Combinational CO2 and Polymer Injections for EOR and CO2 Storage in Depleted Reservoirs: A Mini Review on Laboratory, Simulation and Field Studies
Water-alternating-gas is commonly used in most of the existing enhanced oil recovery (EOR) projects in the world to regulate gas mobility and reduce fingering problems. Unfortunately, the expected recovery factor from most of the fields could not be attained with such EOR method. Development strategies of mature oil fields during the energy transition period may therefore involve the combination of polymer and CO2 injections to achieve incremental oil recovery and at the same time provide longterm geological storage solution for carbon. This paper therefore presents overview of the processes of polymer and CO2 floodings, and then highlights the overall benefits to be derived from the combination of CO2 and polymer flooding techniques in depleted hydrocarbon reservoirs, especially oil reservoirs. Reviews on studies related to the combinational CO2 and polymer injections are then carried out. Highlights of areas of the combinational CO2 and polymer injections needing more attention are also mentioned.
Introduction
The recovery rate of mature oil fields at the end of both the primary and secondary recovery phases are generally in the range of 20% to 40% of the original oil in place (OOIP). Although in some cases, recoveries could be lower or higher [1]. Thomas A, et al. [2] reported a recovery rate of about 15% to 35% on average of the oil in place. Mature fields, also known as brownfields, are present all over the global oil regions. From the study of Godec M, et al. [3], the largest 54 oil basins of the world show an estimated 4.622 trillion barrels of original oil in place (OOIP) in already discovered oil fields (Figure 1), about 0.687 trillion barrels (as of 2000) have been produced and a reported 0.845 trillion barrels of proved reserves, giving an overall recovery efficiency of 33%. Hence, about 3.090 trillion barrels of oil is remaining for enhanced oil recovery (EOR).

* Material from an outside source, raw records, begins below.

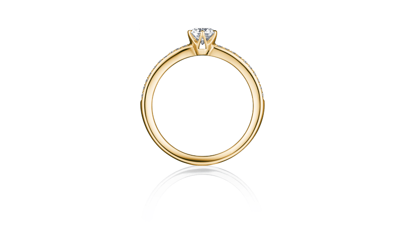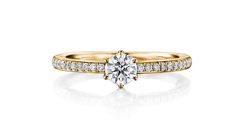 小巧戒爪所镶嵌的配钻绽放美丽光芒,是款散发高雅华丽感的订婚钻戒。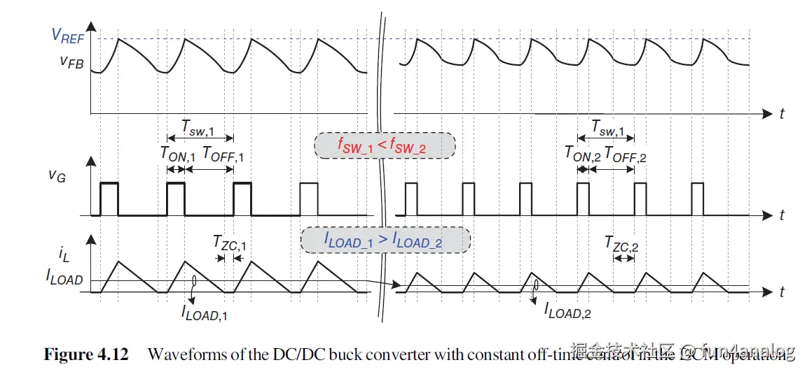轻载DCM下, 如下图Fig 4.12所示, iLoad1>iLoad2, peak电感电流I1>I2, Ton1>Ton2, 由于toff1=toff2, 因此fsw1<fsw2. 负载越低, 频率越高, 因此constant off-time轻载效率低, 不适合便携式设备. constant off-time+峰值电压控制具有constant 电流能力, 适合LED drivers.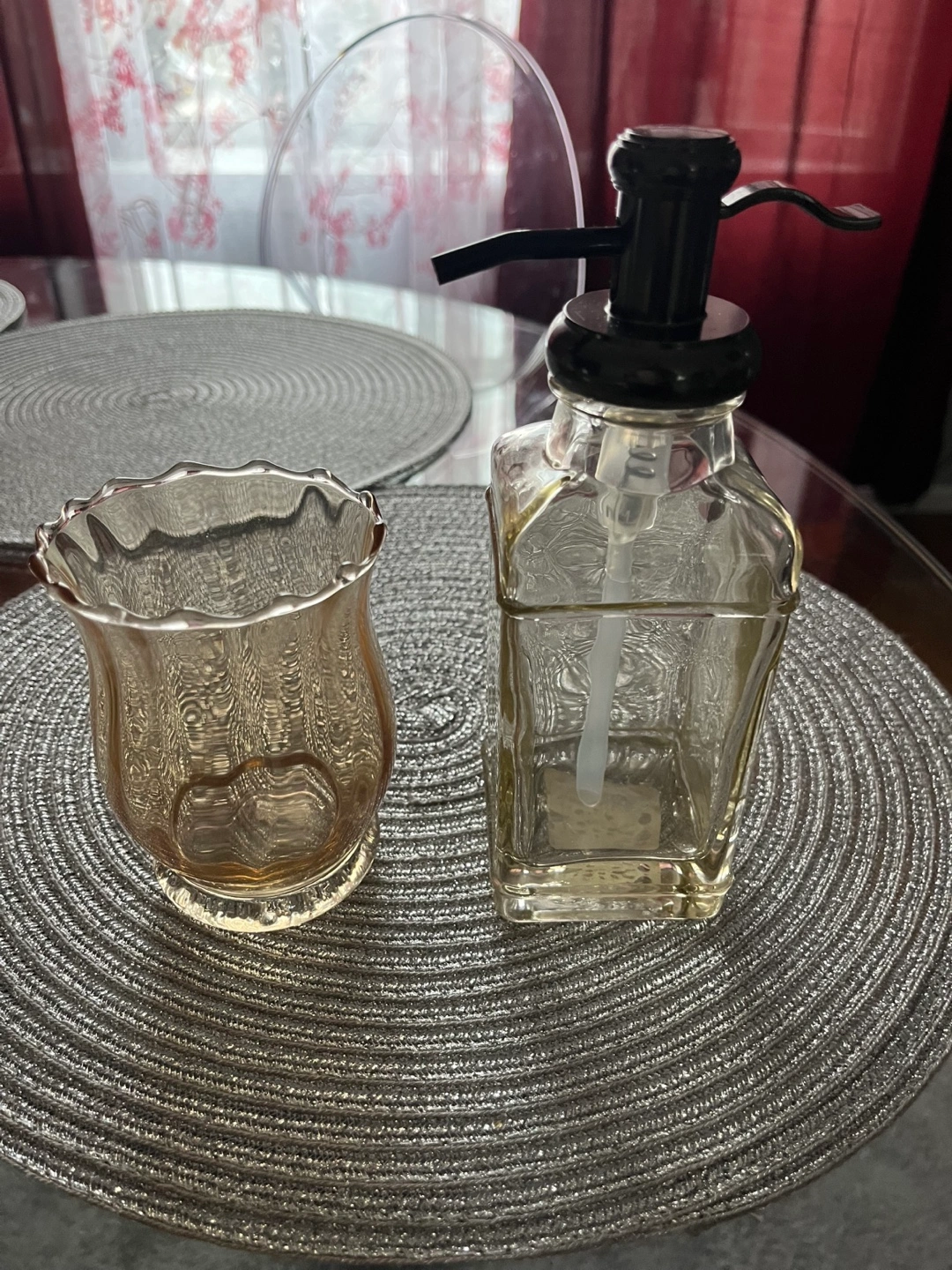 15Amber glass tumbler and clear glass soap dispenser with black pump. Perfect for bathroom or kitchen.

Some of the most important brownfields [4, 5, 6], are; Daqing field in China, Minas field in Indonesia, Samotlor and Romashikino fields in Russia, Forties filed in UK, Satfjord in Norway, Prudhoe Bay in Alaska, USA, Cantarell in Mexico, Roncador in Brazil, Bolivar Coastal in Venezuela, Cupiagua- Cuisiana in Colombia, Ghawar field in Saudi Arabia and Agbami field in Nigeria. Most of them have been under production for at least three decades and have already reached their peaks of production in the last decade [6]. Many methods of enhanced oil recovery techniques, most especially CO2 injection, have been applied successfully in some of the mature fields around the world. A large volume of oil is still left behind in a reservoir, as recovery is typically 5 - 15% of the OOIP, with the current “best practices” of CO2-EOR technology. Remson D [7] attributed it to the following reasons: insufficient injection of CO2, poor sweep efficiency, poor displacement efficiency, lack of CO2 contact with remaining oil resources, and inadequate management control. So, summary of options that can boost the recoveries from current “best practices” technologies will include: increasing CO2 injection volumes, optimizing flood design and well placement, improving the mobility ratio by increasing the viscosity of water by use of polymers, and extending miscibility by reducing the miscibility pressure using liquefied petroleum gas (LPG).
Unfortunately, there is little or no strategic combination of CO2 and polymer injections in these fields available in open literature. This work therefore looks briefly at the processes of polymer and CO2 floodings, and then reviews studies related to the combinational CO2 and polymer injections, available in open literatures. Areas needing more attention are also highlighted.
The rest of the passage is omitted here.